The school bell rings and children rush outside eagerly, pushing to get through to the long-awaited freedom that each end of the day guarantees. Scattered papers and pencils are now the only things that clutter the hallways at each day’s end. Teachers and school staff hastily complete their lesson plans for the next day, also wanting to get home to their own families and lives. Meanwhile, burglars nearby examine the school for any way to gain entrance undetected. Grant-funded computers and technology are at risk of being stolen, as teachers and staff are unable to incessantly guard the buildings of education around the clock.

The Department of Education published statistics stating that in the 2005-2006 school year, 86 percent of schools nationwide had reported at least one theft, crime, or violent incident, which resulted in a total of 2.2 million crimes. It is impossible to personally monitor every inch of school grounds every single day, so how are school campuses and educational facilities meant to keep their students and staff safe and harbor a sense of security? This is where closed-circuit television, or CCTV, can put up the next line of defense, scanning the perimeters and potentially acting as a deterrent to any future types of criminal activity.

CCTV School

CCTV can serve multiple purposes when utilized by the educational sector. First and foremost, CCTV can provide security services for educational buildings, guarding the technology and premises from outsiders who have intentions to harm the children, steal costly technology or vandalize school property. CCTV can also protect from threats inside the school, such as proving or disproving accusations of sexual abuse, bullying from other children, or theft from teachers or staff. More recently, CCTV has been put to work as a direct educational tool, being used as a vessel to funnel distance learning to remote areas or to non-traditional learners.

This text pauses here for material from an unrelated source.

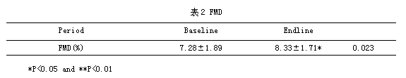 2.血管內(nèi)皮功能:內(nèi)皮依賴(lài)性血管介導(dǎo)的血管舒張功能FMD顯著增高(P<0.05)(表2)。

Ronald D. Stephens is the Executive Director of the National School Safety Center, and has had extensive experience as a former teacher and an assistant superintendent. He supports use of security cameras in the schools if they are used to fix a current problem. He found that when security cameras were installed in a Midwestern school district, vandalism decreased by 95 percent! The National Center for Education Statistics estimates that 84 percent of high schools, 73 percent of middle schools, and 51 percent of primary schools use security.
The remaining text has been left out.